Brief: Where pictures appear, omit them, and copy exactly only the lines from the start of the listing through the line containing "Die PERiT GmbH", both included.

Records:
__________________________________________________

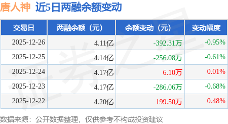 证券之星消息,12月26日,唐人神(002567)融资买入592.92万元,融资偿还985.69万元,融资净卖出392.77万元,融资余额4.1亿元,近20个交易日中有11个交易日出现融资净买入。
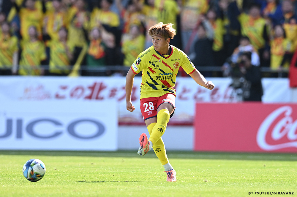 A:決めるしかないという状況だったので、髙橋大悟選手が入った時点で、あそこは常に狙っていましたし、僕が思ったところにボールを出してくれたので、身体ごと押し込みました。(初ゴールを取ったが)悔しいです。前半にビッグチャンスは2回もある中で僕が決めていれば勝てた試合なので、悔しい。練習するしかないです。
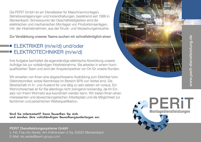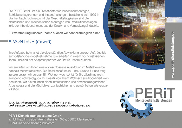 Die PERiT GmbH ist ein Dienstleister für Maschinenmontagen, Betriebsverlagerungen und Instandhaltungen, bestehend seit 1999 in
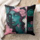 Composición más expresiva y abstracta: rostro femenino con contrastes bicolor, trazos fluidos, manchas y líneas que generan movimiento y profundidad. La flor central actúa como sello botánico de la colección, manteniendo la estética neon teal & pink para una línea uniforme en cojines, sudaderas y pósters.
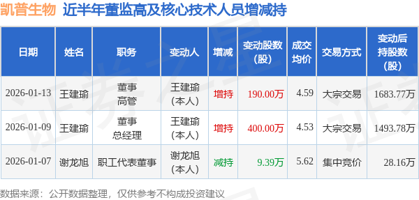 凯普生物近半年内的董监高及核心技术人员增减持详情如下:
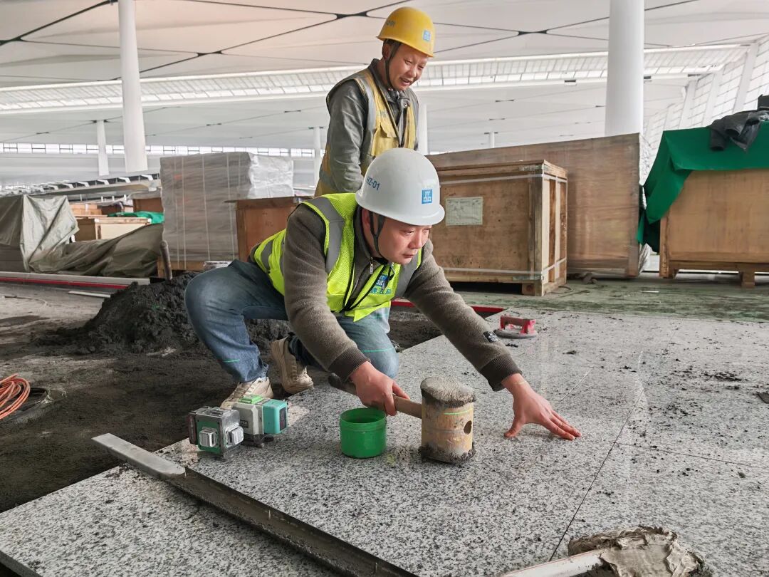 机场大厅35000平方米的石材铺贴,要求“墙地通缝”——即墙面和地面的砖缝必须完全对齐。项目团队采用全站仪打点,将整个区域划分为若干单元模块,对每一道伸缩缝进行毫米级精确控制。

__________________________________________________

Expected answer:
 证券之星消息,12月26日,唐人神(002567)融资买入592.92万元,融资偿还985.69万元,融资净卖出392.77万元,融资余额4.1亿元,近20个交易日中有11个交易日出现融资净买入。
 A:決めるしかないという状況だったので、髙橋大悟選手が入った時点で、あそこは常に狙っていましたし、僕が思ったところにボールを出してくれたので、身体ごと押し込みました。(初ゴールを取ったが)悔しいです。前半にビッグチャンスは2回もある中で僕が決めていれば勝てた試合なので、悔しい。練習するしかないです。
 Die PERiT GmbH ist ein Dienstleister für Maschinenmontagen, Betriebsverlagerungen und Instandhaltungen, bestehend seit 1999 in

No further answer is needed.